Yes proportionately as of now all of the other theme parks apart from KidZania SG are concentrated in Malaysia. But so long as the revenue growth can sustain or even outrun the depreciation of the currency, it shouldn’t be a show-stopper on the company’s prospects.
Additional findings on top of the original Substack post on Sim Leisure
I took the initiative to compare Sim Leisure’s Return on Assets versus other world-class pure-play theme park operators SIX 0.00%↑ & FUN 0.00%↑.
Sim Leisure was getting $0.05 for every $1 worth of assets, very in line with the world-class theme park operators.
Even margin-wise, EBIT and net margin Sim Leisure turn out to be in line with the big boys
This means numerically and quantitatively, Sim Leisure’s model may look inferior on paper without the famous mascots, but fundamentally from a business point of view, it performs on par with the other big theme park names.
Even if it is smaller in size, it shouldn’t be traded at a severe discount, given that successful theme parks will always keep drawing more crowds.
Back then, assuming no revenue growth from existing business, plus the revenue from KidZania Singapore, on top of a lower net margin factoring startup cost and zero P/E expansion, the very conservative valuation was S$0.71.
We are looking at a 90% gain in this case as of the time of writing.
Hindsight and lessons
This is not a post to dictate who’s right or wrong. Nor is it to gloat. It serves as a lesson and reminder to all investors alike.
I commit such mistakes and make blanket statements, writing off companies before studying deeper. I am fortunate to be on the lucky side of this thesis.
I almost did not do a deep dive on Sim Leisure. And even after all the study, I was on the fence too. It’s not a company that fits my “Buy, hold & compound” strategy. However I learnt another aspect of investing, and I thought setting aside a small stake would give me some skin in the game to prove the validity of the thesis.
I am glad I did my due diligence, bought a small stake, and my thesis played out well.
Illiquid counter?

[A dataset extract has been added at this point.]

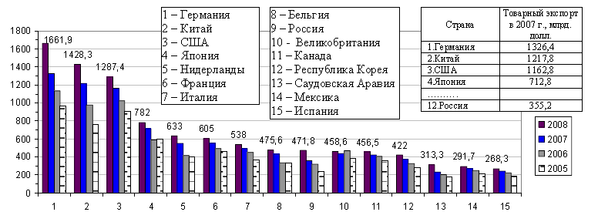 Рисунок 1 – Крупнейшие страны-экспортеры и объем их товарного экспорта в 2005-2008 годах, млрд. долл. США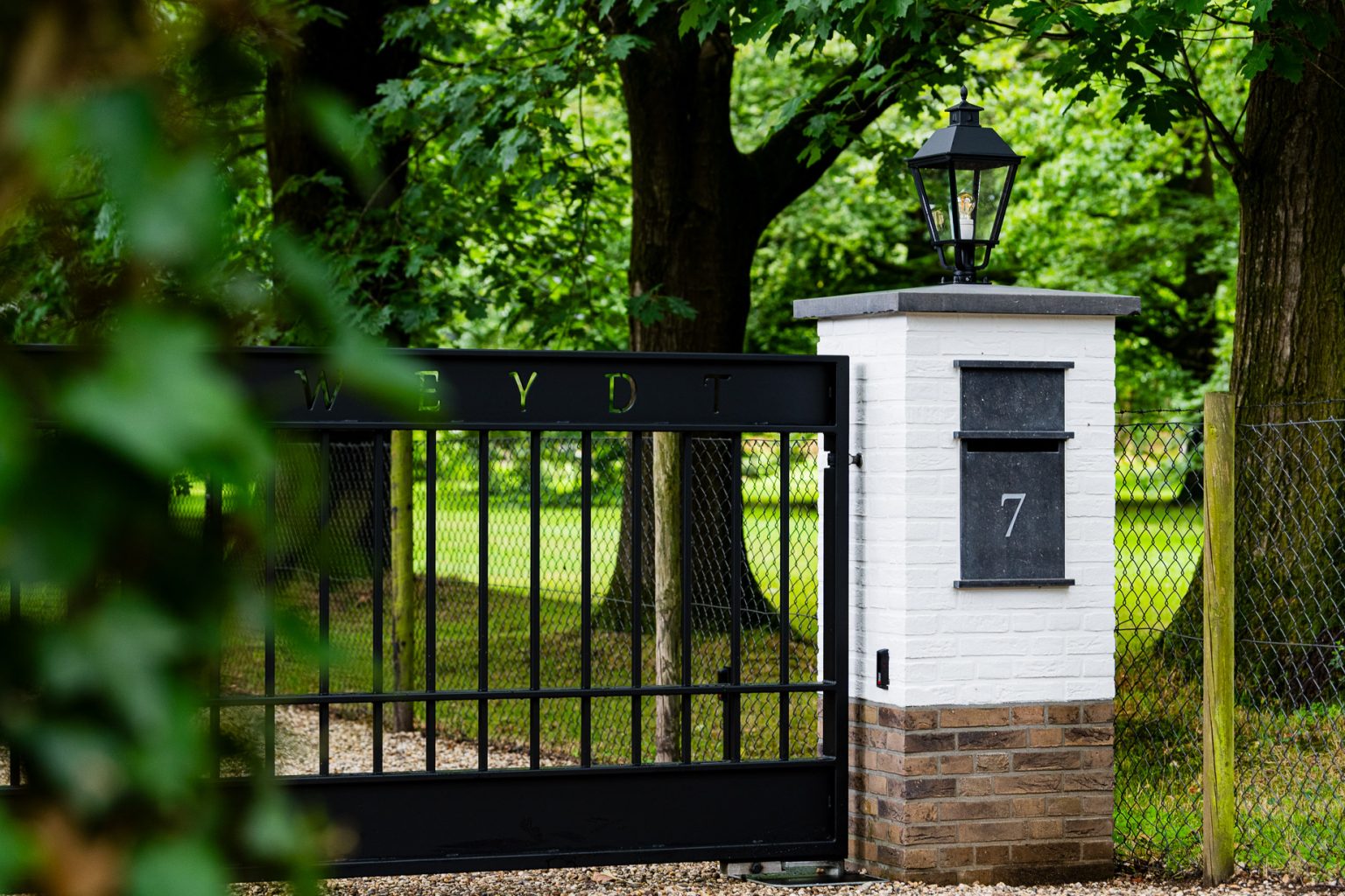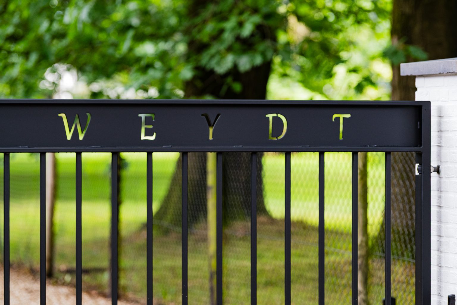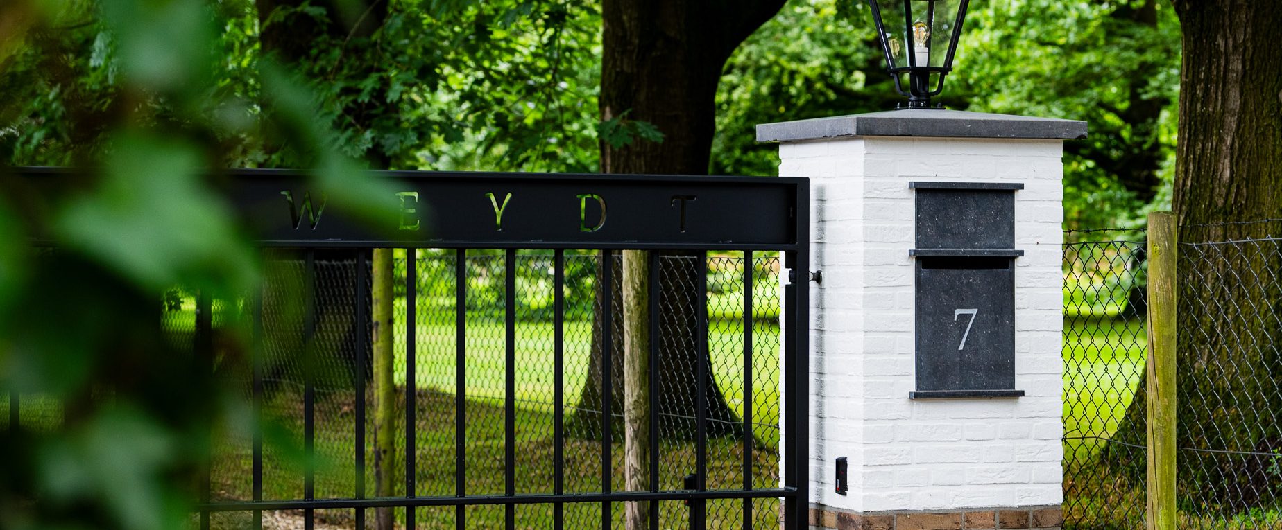 Op een verhoogde terp op de Veluwe staat de woning genaamd Hoghe Weydt, verscholen tussen de bomen. Een lange oprijlaan slingert zich ernaartoe, statig en uitnodigend. Aan het begin ervan prijkt een bijzondere poort, die wij met trots hebben gerealiseerd. Tussen het groen door vang je net een glimp op van de woning — ingetogen, maar groots. Dat de poort het werk is van een architect, zie je meteen aan de verfijnde lijnen en het doordachte ontwerp.

Not a problem
Susceptible to the pandemic? Not a problem. Management has experience in keeping the company afloat during the previous pandemic.
No wow factor? Not a problem. Fun can come at an affordable price, something value-conscious Malaysians and middle-income families around the world go for.
At the current price, I would need a lot of vindication to add to my position. But more than happy to hold onto my current stake and see how this business thrives.
Kudos to my pal, Anson for harassing me to study the company. Glad that we were 2 of the 67 shareholders that were disclosed in their previous year's annual report.